Kate Fletcher (PhD) is a Research Professor at SIFO and also a Professor at the Royal Danish Academy, Copenhagen. She is one of the most cited scholars in fashion and sustainability, and her work, including that on systems change, post-growth fashion, fashion localism, decentring durability and Earth Logic, defines and challenges the field. She has written and/or edited eleven books available in eight languages. Kate is a co-founder of the Union of Concerned Researchers in Fashion. Her most recent work is about design, clothing and nature.
At SIFO, Kate is leading work packages in the Lasting and CHANGE projects.
In our research, we collaborate with different people, from industry, research institutions and other organisations.
Tone Skårdal Tobiasson
Tone Skårdal Tobiassson, journalist and author, went from managing editor of fashion magazines to become a founder of NICE (Nordic Initiative Clean & Ethical) Fashion.
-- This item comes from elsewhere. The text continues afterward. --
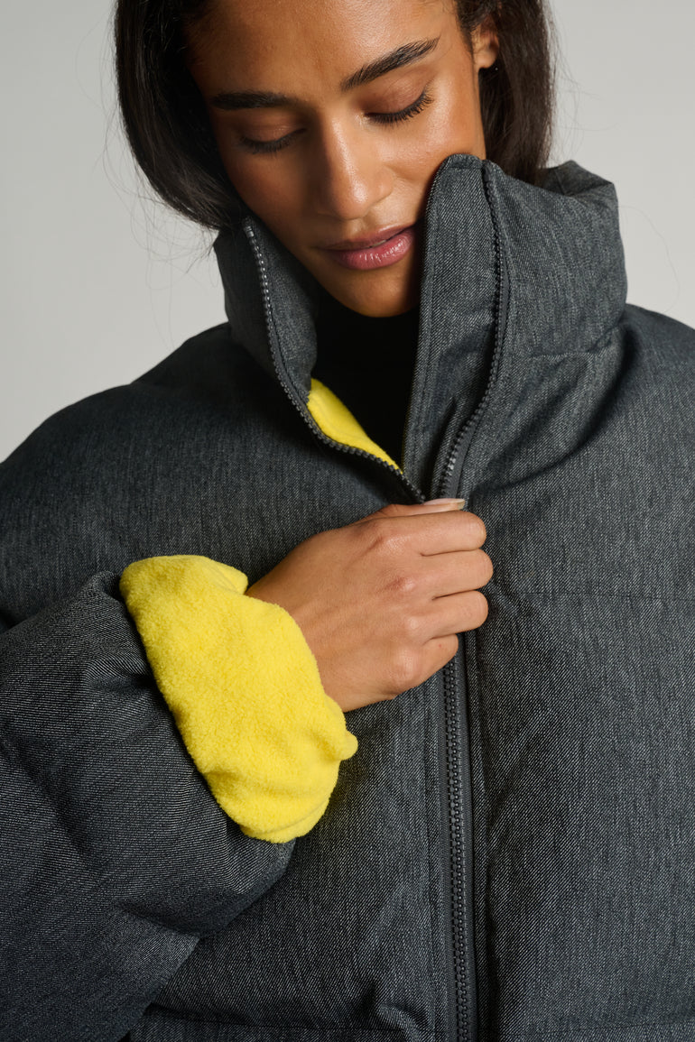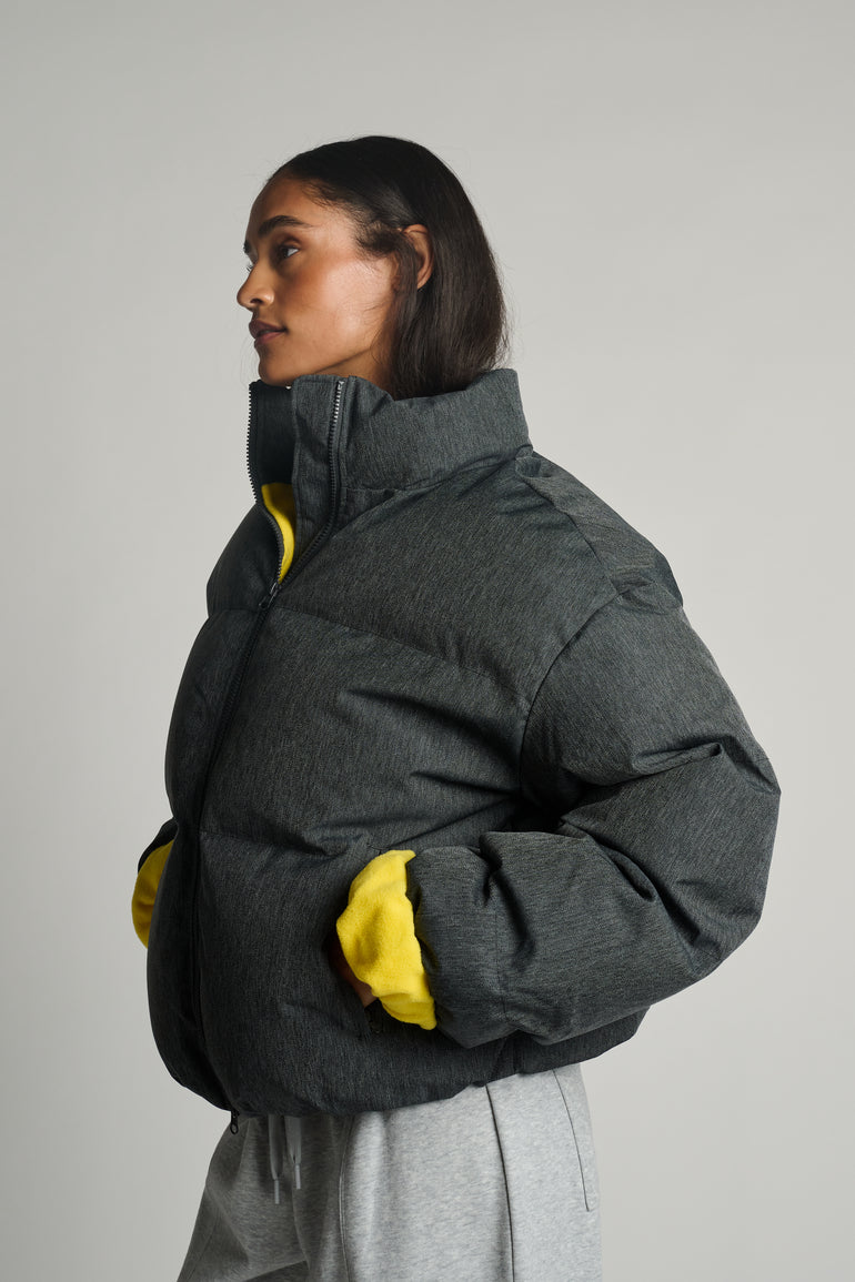 The Puffer Coat is this season’s standout piece where fashion meets function. Made from deadstock materials, it features a waterproof nylon shell and cozy polar fleece lining to keep you warm all winter long. Designed with a boxy, cropped fit, elasticated cuffs and hem, and plenty of pockets inside and out. Oversized for that effortless, relaxed vibe.

Currently she is responsible for dissemination in the following projects: Amazing Grazing, WOOLUME, hiWOOL, LASTING, CHANGE and Wasted Textiles. She co-authored Ren ull, Norsk strikkehistorie and Strikk med norsk ull, and Lettstelt, Lettkledd and Lettfiks. She is a contributor to EcoTextile News and other international publications, and is a Board member of Union of Concerned Researchers in Fashion.